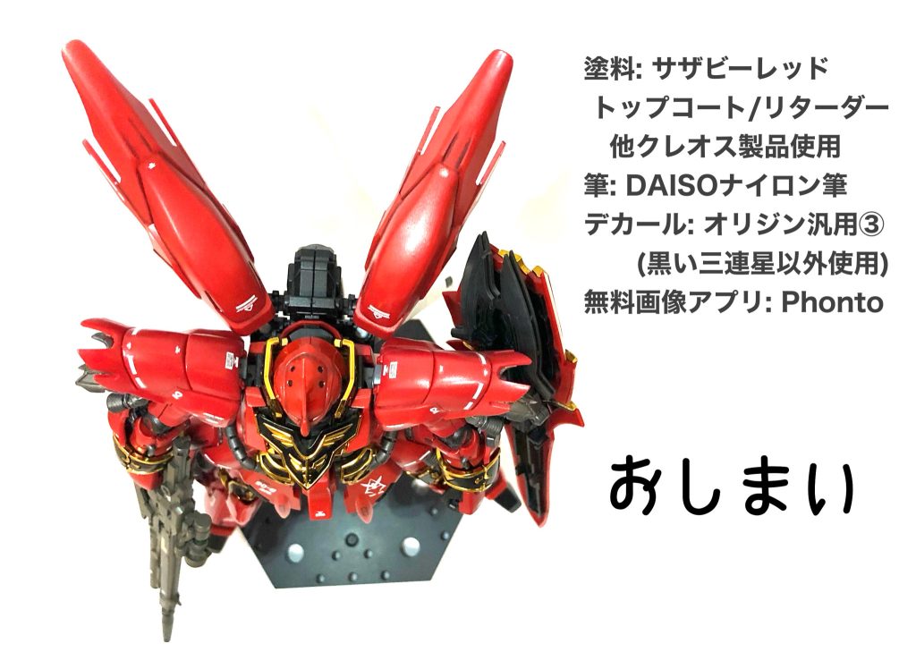 脚のスラスターはシナンジュ用デカールを補填するためにスプリンター部分塗装。
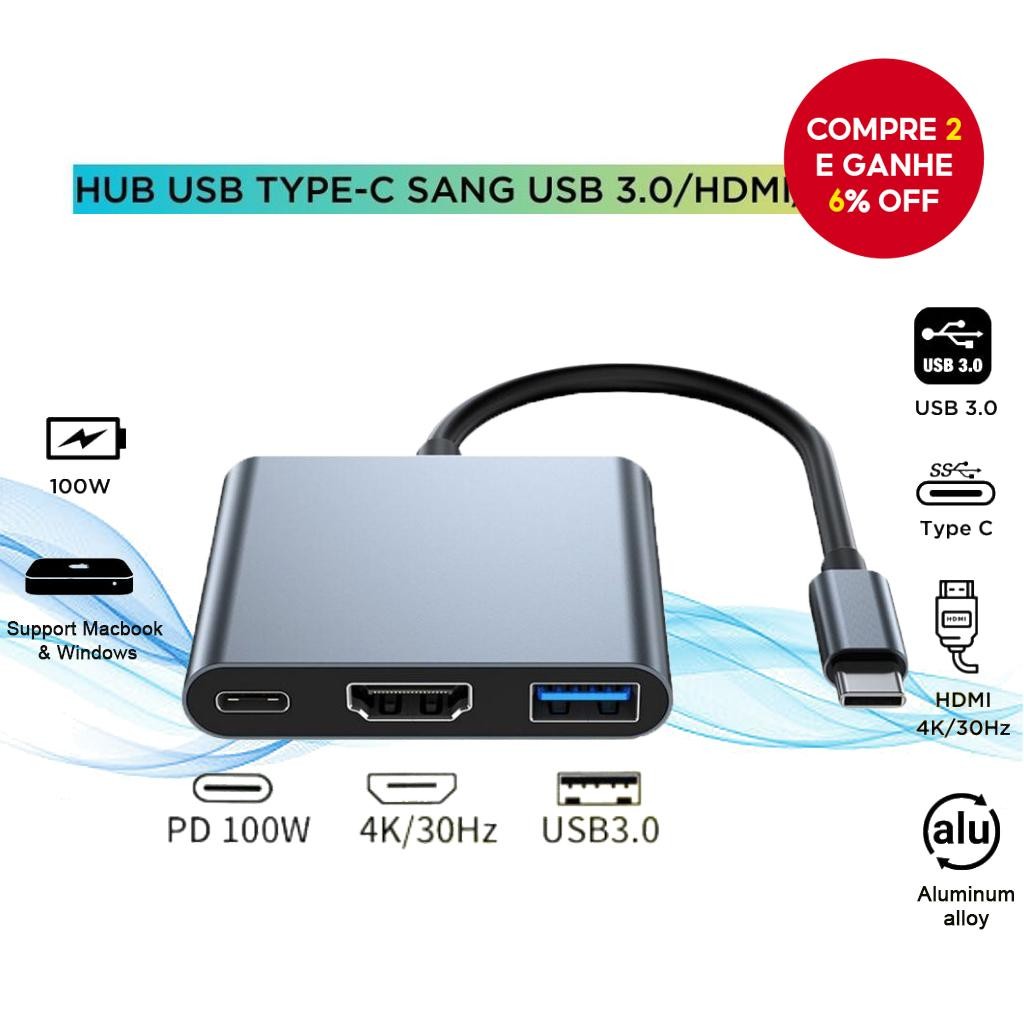 Novo Hub USB-C com HDMI e Adaptador USB 3.0 Tipo C para MacBook Pro Air 4K Portátil
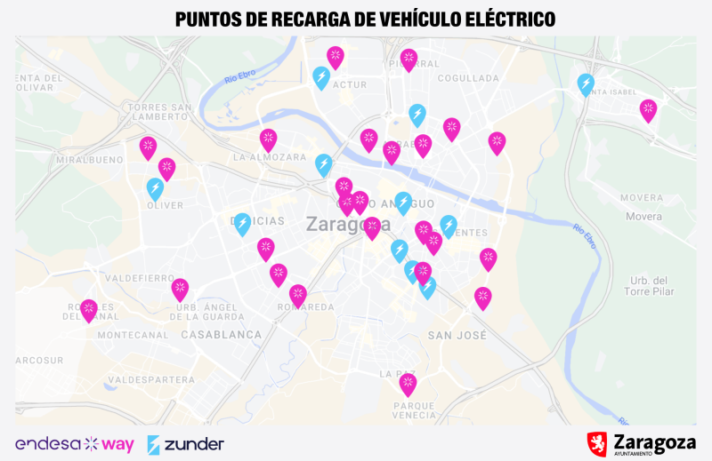 Zaragoza se prepara para dar su gran salto en materia de movilidad eléctrica. A lo largo de las próximas semanas comenzarán diferentes obras de instalación de muchos de los 149 puntos de recarga que estarán distribuidos en 37 ubicaciones por toda la ciudad y que han sido adjudicados a las empresas Endesa X Way y Zunder. Endesa X Way instalará 103 puntos de recarga en 26 ubicaciones, mientras que Zunder se encargará de la construcción de 46 de ellos en 11 ubicaciones.
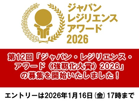 一般社団法人レジリエンスジャパン推進協議会(所在地:東京都千代田区、会長:広瀬道明 東京ガス相談役) は、第12回目となる「ジャパン・レジリエンス・アワード(強靱化大賞)2026」のエントリーを2026年1月16日(金)17時までの期間で募集いたします。
· · · ·
## TASK ITEM:
Set down all the data again exactly as above, pictures excluded.

## RESPONSE FOR THIS EXERCISE:
 脚のスラスターはシナンジュ用デカールを補填するためにスプリンター部分塗装。
 Novo Hub USB-C com HDMI e Adaptador USB 3.0 Tipo C para MacBook Pro Air 4K Portátil
 Zaragoza se prepara para dar su gran salto en materia de movilidad eléctrica. A lo largo de las próximas semanas comenzarán diferentes obras de instalación de muchos de los 149 puntos de recarga que estarán distribuidos en 37 ubicaciones por toda la ciudad y que han sido adjudicados a las empresas Endesa X Way y Zunder. Endesa X Way instalará 103 puntos de recarga en 26 ubicaciones, mientras que Zunder se encargará de la construcción de 46 de ellos en 11 ubicaciones.
 一般社団法人レジリエンスジャパン推進協議会(所在地:東京都千代田区、会長:広瀬道明 東京ガス相談役) は、第12回目となる「ジャパン・レジリエンス・アワード(強靱化大賞)2026」のエントリーを2026年1月16日(金)17時までの期間で募集いたします。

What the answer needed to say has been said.